* [TASK TO COMPLETE] Before copying the entries, remove the pictures; everything else stays exactly as it is.
────────────────────────────────────────
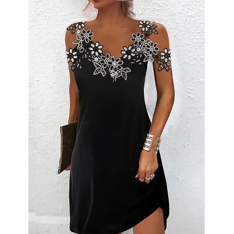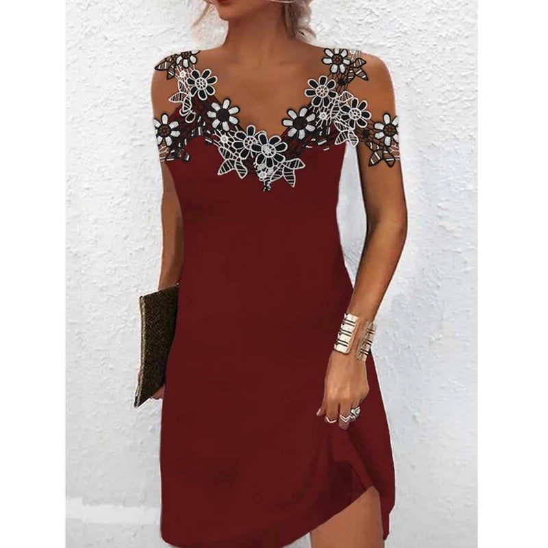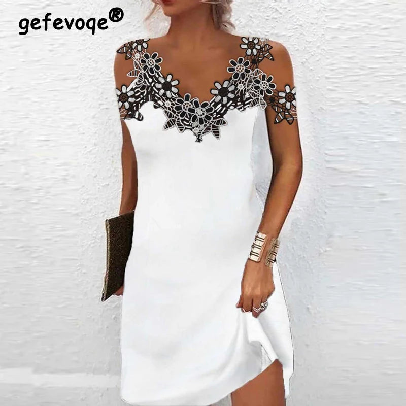 FLONIFY Backless Hollow Lace Patchwork Elegant Party Dresses
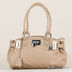 Элегантная женская сумка из искусственной кожи. Стенки изделия мягкие. Основное отделение застегивается на молнию. Внутри два открытых кармашка и прорезной на молнии. Подкладка - текстиль. Ручки средней длины позволяют носить сумку на плече. Цвет фурнитуры - серебристый. Дно плотное формованное, четыре ножки. Декорирована оригинальным металлическими деталями.
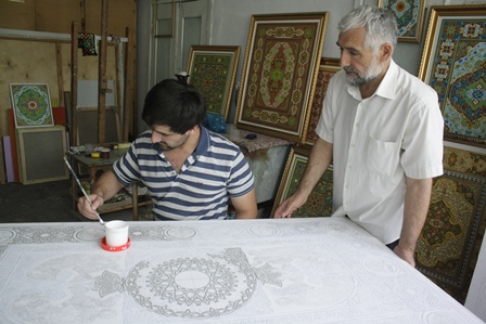 Заходим в мастерскую, где орнаментальной росписью «кундаль» заняты Махмадкарим Каримзода и его ученики. Работа с росписью «кундаль» издавна считалась признаком роскоши, почиталась дорогим подарком и потому не теряет своей ценности и в наши дни.
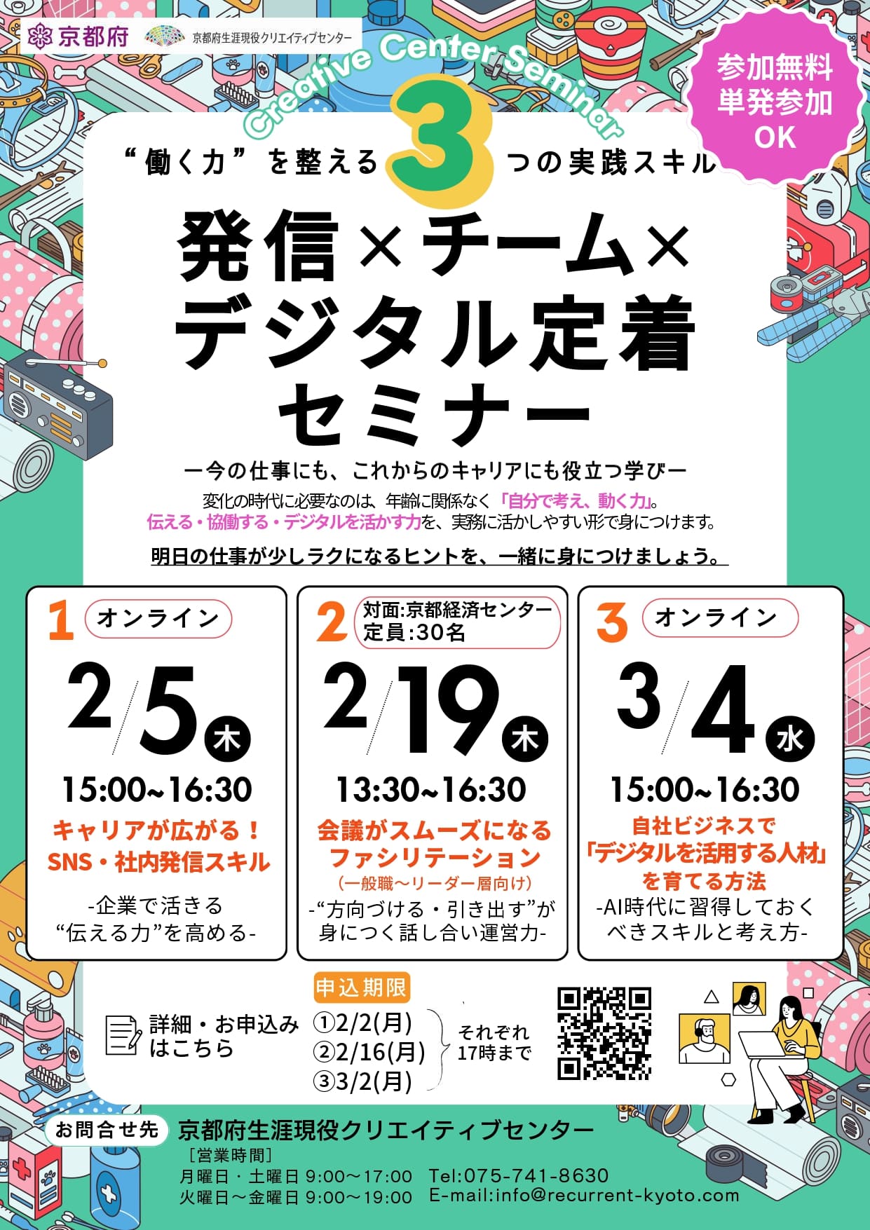 京都府生涯現役クリエイティブセンターでは、このたび、“働く力”を整える3つの実践スキルをテーマにしたセミナーを開催します!
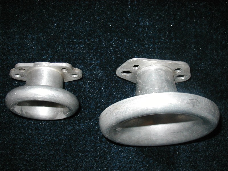 Velocity stacks for TR4. Parabolic horn, 3" long and 5" diameter, 3/16" mounting plate. Duplicates of horns available about ten years ago. As run by George Wright and Chip Bond. Designed by an aerospace engineer in cooperation with Kas Kastner. Originally manufactured by Moon. Pictured with the most popular currently available stack (smaller of the two). Users reported measurable performance increase. Price is $140 / pair including shipping.
────────────────────────────────────────
* [ANSWER BOX]
 FLONIFY Backless Hollow Lace Patchwork Elegant Party Dresses
 Элегантная женская сумка из искусственной кожи. Стенки изделия мягкие. Основное отделение застегивается на молнию. Внутри два открытых кармашка и прорезной на молнии. Подкладка - текстиль. Ручки средней длины позволяют носить сумку на плече. Цвет фурнитуры - серебристый. Дно плотное формованное, четыре ножки. Декорирована оригинальным металлическими деталями.
 Заходим в мастерскую, где орнаментальной росписью «кундаль» заняты Махмадкарим Каримзода и его ученики. Работа с росписью «кундаль» издавна считалась признаком роскоши, почиталась дорогим подарком и потому не теряет своей ценности и в наши дни.
 京都府生涯現役クリエイティブセンターでは、このたび、“働く力”を整える3つの実践スキルをテーマにしたセミナーを開催します!
 Velocity stacks for TR4. Parabolic horn, 3" long and 5" diameter, 3/16" mounting plate. Duplicates of horns available about ten years ago. As run by George Wright and Chip Bond. Designed by an aerospace engineer in cooperation with Kas Kastner. Originally manufactured by Moon. Pictured with the most popular currently available stack (smaller of the two). Users reported measurable performance increase. Price is $140 / pair including shipping.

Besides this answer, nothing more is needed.